*DATA UNDER STUDY*
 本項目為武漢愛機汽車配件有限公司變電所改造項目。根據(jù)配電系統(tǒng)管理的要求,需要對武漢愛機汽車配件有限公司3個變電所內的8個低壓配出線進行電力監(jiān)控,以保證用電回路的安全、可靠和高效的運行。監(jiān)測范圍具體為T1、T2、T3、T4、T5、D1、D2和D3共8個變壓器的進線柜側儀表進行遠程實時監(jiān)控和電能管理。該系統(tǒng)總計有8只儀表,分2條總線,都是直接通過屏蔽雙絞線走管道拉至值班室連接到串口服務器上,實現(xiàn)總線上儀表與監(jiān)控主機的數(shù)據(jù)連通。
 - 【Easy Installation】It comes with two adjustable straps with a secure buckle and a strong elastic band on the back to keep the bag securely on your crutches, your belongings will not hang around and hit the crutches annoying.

--

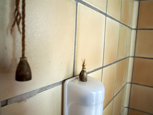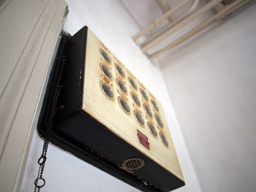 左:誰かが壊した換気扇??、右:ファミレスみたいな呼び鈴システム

---

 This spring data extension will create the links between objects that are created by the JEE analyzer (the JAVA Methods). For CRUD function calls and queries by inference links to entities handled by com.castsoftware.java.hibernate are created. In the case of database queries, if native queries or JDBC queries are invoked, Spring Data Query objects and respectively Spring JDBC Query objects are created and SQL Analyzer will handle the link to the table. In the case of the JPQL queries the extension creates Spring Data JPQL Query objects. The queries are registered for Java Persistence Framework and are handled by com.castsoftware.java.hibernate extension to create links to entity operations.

*WORK REQUEST*
Give the count of lines in the listing above that include "will", with no other words.

*RESPONSE TO THE EXERCISE*
2